> Task: Having read the records, set them all down exactly as they appear.

> Given records:
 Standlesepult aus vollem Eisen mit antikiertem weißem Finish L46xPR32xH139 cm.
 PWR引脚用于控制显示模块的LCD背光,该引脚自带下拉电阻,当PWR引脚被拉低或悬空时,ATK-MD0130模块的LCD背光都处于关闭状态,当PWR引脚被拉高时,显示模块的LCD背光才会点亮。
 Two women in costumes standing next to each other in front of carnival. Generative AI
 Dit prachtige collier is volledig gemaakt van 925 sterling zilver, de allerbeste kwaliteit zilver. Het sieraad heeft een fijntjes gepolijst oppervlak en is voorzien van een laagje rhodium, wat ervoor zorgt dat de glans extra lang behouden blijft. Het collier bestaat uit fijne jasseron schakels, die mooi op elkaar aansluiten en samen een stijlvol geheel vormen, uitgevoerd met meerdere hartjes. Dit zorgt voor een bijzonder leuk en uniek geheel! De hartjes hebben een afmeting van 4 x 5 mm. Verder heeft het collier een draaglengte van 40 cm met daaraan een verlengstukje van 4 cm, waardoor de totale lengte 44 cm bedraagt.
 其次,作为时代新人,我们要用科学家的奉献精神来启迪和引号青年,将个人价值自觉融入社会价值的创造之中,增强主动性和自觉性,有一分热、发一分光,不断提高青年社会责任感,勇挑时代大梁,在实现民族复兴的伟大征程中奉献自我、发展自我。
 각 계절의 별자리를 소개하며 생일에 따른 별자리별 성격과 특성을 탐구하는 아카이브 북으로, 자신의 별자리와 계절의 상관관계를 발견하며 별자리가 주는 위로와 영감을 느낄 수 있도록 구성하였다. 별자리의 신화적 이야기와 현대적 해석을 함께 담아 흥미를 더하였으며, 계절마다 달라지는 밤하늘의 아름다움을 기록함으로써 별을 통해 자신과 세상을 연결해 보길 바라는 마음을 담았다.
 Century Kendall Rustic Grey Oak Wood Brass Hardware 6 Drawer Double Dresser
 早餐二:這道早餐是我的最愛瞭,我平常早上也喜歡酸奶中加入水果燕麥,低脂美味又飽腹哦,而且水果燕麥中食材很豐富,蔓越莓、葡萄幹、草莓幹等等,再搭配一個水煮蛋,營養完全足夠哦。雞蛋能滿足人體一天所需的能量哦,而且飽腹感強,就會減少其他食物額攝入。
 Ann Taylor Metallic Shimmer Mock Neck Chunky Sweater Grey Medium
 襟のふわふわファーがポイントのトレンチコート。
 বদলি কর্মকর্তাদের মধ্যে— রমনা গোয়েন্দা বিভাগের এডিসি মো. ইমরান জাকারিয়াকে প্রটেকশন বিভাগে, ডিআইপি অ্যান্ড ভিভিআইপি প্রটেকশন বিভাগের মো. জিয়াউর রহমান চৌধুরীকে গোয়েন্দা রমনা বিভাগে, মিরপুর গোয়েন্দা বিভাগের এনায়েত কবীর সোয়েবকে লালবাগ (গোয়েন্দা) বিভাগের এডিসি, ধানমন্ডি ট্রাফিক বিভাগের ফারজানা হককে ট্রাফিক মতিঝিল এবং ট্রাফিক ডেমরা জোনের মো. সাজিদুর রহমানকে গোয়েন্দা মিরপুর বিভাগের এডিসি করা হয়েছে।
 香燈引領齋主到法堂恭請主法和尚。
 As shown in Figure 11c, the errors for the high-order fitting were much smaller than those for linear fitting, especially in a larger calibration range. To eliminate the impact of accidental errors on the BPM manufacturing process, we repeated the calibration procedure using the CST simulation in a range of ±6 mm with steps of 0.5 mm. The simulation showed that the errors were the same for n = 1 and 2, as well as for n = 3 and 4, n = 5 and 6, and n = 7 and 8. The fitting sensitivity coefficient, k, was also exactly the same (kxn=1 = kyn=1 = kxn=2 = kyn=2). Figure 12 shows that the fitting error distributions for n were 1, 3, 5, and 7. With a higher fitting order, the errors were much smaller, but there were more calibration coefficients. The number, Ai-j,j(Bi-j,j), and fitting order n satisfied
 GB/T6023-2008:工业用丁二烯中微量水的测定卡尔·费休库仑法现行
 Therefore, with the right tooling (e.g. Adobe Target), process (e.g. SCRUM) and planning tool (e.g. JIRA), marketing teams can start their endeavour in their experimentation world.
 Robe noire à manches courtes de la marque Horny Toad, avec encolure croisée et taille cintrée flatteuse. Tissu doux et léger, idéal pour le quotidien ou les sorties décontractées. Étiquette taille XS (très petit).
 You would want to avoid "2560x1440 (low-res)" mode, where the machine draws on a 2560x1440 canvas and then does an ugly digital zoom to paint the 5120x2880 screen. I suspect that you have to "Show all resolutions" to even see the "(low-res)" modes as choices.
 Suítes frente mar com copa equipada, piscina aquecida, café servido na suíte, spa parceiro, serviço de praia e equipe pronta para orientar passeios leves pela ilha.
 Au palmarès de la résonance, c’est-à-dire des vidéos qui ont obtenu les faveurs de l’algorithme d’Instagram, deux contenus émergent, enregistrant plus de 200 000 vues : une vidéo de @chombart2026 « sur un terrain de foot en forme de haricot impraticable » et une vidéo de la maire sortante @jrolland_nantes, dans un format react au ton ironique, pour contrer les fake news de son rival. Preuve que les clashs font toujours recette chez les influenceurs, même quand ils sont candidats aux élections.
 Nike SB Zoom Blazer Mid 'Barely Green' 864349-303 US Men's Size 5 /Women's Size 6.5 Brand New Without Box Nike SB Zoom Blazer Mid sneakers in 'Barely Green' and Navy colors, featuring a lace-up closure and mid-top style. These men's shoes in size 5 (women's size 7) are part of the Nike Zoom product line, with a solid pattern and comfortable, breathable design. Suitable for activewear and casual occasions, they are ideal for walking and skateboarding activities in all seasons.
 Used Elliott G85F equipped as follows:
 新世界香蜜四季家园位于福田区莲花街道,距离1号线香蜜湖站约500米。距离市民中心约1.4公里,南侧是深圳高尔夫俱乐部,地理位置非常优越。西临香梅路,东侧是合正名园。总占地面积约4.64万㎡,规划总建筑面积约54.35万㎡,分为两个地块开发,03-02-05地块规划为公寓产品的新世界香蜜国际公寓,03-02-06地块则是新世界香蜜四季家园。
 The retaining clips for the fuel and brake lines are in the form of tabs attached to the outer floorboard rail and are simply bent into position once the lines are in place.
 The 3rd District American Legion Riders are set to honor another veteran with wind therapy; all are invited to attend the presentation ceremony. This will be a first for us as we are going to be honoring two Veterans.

> Answer box:
 Standlesepult aus vollem Eisen mit antikiertem weißem Finish L46xPR32xH139 cm.
 PWR引脚用于控制显示模块的LCD背光,该引脚自带下拉电阻,当PWR引脚被拉低或悬空时,ATK-MD0130模块的LCD背光都处于关闭状态,当PWR引脚被拉高时,显示模块的LCD背光才会点亮。
 Two women in costumes standing next to each other in front of carnival. Generative AI
 Dit prachtige collier is volledig gemaakt van 925 sterling zilver, de allerbeste kwaliteit zilver. Het sieraad heeft een fijntjes gepolijst oppervlak en is voorzien van een laagje rhodium, wat ervoor zorgt dat de glans extra lang behouden blijft. Het collier bestaat uit fijne jasseron schakels, die mooi op elkaar aansluiten en samen een stijlvol geheel vormen, uitgevoerd met meerdere hartjes. Dit zorgt voor een bijzonder leuk en uniek geheel! De hartjes hebben een afmeting van 4 x 5 mm. Verder heeft het collier een draaglengte van 40 cm met daaraan een verlengstukje van 4 cm, waardoor de totale lengte 44 cm bedraagt.
 其次,作为时代新人,我们要用科学家的奉献精神来启迪和引号青年,将个人价值自觉融入社会价值的创造之中,增强主动性和自觉性,有一分热、发一分光,不断提高青年社会责任感,勇挑时代大梁,在实现民族复兴的伟大征程中奉献自我、发展自我。
 각 계절의 별자리를 소개하며 생일에 따른 별자리별 성격과 특성을 탐구하는 아카이브 북으로, 자신의 별자리와 계절의 상관관계를 발견하며 별자리가 주는 위로와 영감을 느낄 수 있도록 구성하였다. 별자리의 신화적 이야기와 현대적 해석을 함께 담아 흥미를 더하였으며, 계절마다 달라지는 밤하늘의 아름다움을 기록함으로써 별을 통해 자신과 세상을 연결해 보길 바라는 마음을 담았다.
 Century Kendall Rustic Grey Oak Wood Brass Hardware 6 Drawer Double Dresser
 早餐二:這道早餐是我的最愛瞭,我平常早上也喜歡酸奶中加入水果燕麥,低脂美味又飽腹哦,而且水果燕麥中食材很豐富,蔓越莓、葡萄幹、草莓幹等等,再搭配一個水煮蛋,營養完全足夠哦。雞蛋能滿足人體一天所需的能量哦,而且飽腹感強,就會減少其他食物額攝入。
 Ann Taylor Metallic Shimmer Mock Neck Chunky Sweater Grey Medium
 襟のふわふわファーがポイントのトレンチコート。
 বদলি কর্মকর্তাদের মধ্যে— রমনা গোয়েন্দা বিভাগের এডিসি মো. ইমরান জাকারিয়াকে প্রটেকশন বিভাগে, ডিআইপি অ্যান্ড ভিভিআইপি প্রটেকশন বিভাগের মো. জিয়াউর রহমান চৌধুরীকে গোয়েন্দা রমনা বিভাগে, মিরপুর গোয়েন্দা বিভাগের এনায়েত কবীর সোয়েবকে লালবাগ (গোয়েন্দা) বিভাগের এডিসি, ধানমন্ডি ট্রাফিক বিভাগের ফারজানা হককে ট্রাফিক মতিঝিল এবং ট্রাফিক ডেমরা জোনের মো. সাজিদুর রহমানকে গোয়েন্দা মিরপুর বিভাগের এডিসি করা হয়েছে।
 香燈引領齋主到法堂恭請主法和尚。
 As shown in Figure 11c, the errors for the high-order fitting were much smaller than those for linear fitting, especially in a larger calibration range. To eliminate the impact of accidental errors on the BPM manufacturing process, we repeated the calibration procedure using the CST simulation in a range of ±6 mm with steps of 0.5 mm. The simulation showed that the errors were the same for n = 1 and 2, as well as for n = 3 and 4, n = 5 and 6, and n = 7 and 8. The fitting sensitivity coefficient, k, was also exactly the same (kxn=1 = kyn=1 = kxn=2 = kyn=2). Figure 12 shows that the fitting error distributions for n were 1, 3, 5, and 7. With a higher fitting order, the errors were much smaller, but there were more calibration coefficients. The number, Ai-j,j(Bi-j,j), and fitting order n satisfied
 GB/T6023-2008:工业用丁二烯中微量水的测定卡尔·费休库仑法现行
 Therefore, with the right tooling (e.g. Adobe Target), process (e.g. SCRUM) and planning tool (e.g. JIRA), marketing teams can start their endeavour in their experimentation world.
 Robe noire à manches courtes de la marque Horny Toad, avec encolure croisée et taille cintrée flatteuse. Tissu doux et léger, idéal pour le quotidien ou les sorties décontractées. Étiquette taille XS (très petit).
 You would want to avoid "2560x1440 (low-res)" mode, where the machine draws on a 2560x1440 canvas and then does an ugly digital zoom to paint the 5120x2880 screen. I suspect that you have to "Show all resolutions" to even see the "(low-res)" modes as choices.
 Suítes frente mar com copa equipada, piscina aquecida, café servido na suíte, spa parceiro, serviço de praia e equipe pronta para orientar passeios leves pela ilha.
 Au palmarès de la résonance, c’est-à-dire des vidéos qui ont obtenu les faveurs de l’algorithme d’Instagram, deux contenus émergent, enregistrant plus de 200 000 vues : une vidéo de @chombart2026 « sur un terrain de foot en forme de haricot impraticable » et une vidéo de la maire sortante @jrolland_nantes, dans un format react au ton ironique, pour contrer les fake news de son rival. Preuve que les clashs font toujours recette chez les influenceurs, même quand ils sont candidats aux élections.
 Nike SB Zoom Blazer Mid 'Barely Green' 864349-303 US Men's Size 5 /Women's Size 6.5 Brand New Without Box Nike SB Zoom Blazer Mid sneakers in 'Barely Green' and Navy colors, featuring a lace-up closure and mid-top style. These men's shoes in size 5 (women's size 7) are part of the Nike Zoom product line, with a solid pattern and comfortable, breathable design. Suitable for activewear and casual occasions, they are ideal for walking and skateboarding activities in all seasons.
 Used Elliott G85F equipped as follows:
 新世界香蜜四季家园位于福田区莲花街道,距离1号线香蜜湖站约500米。距离市民中心约1.4公里,南侧是深圳高尔夫俱乐部,地理位置非常优越。西临香梅路,东侧是合正名园。总占地面积约4.64万㎡,规划总建筑面积约54.35万㎡,分为两个地块开发,03-02-05地块规划为公寓产品的新世界香蜜国际公寓,03-02-06地块则是新世界香蜜四季家园。
 The retaining clips for the fuel and brake lines are in the form of tabs attached to the outer floorboard rail and are simply bent into position once the lines are in place.
 The 3rd District American Legion Riders are set to honor another veteran with wind therapy; all are invited to attend the presentation ceremony. This will be a first for us as we are going to be honoring two Veterans.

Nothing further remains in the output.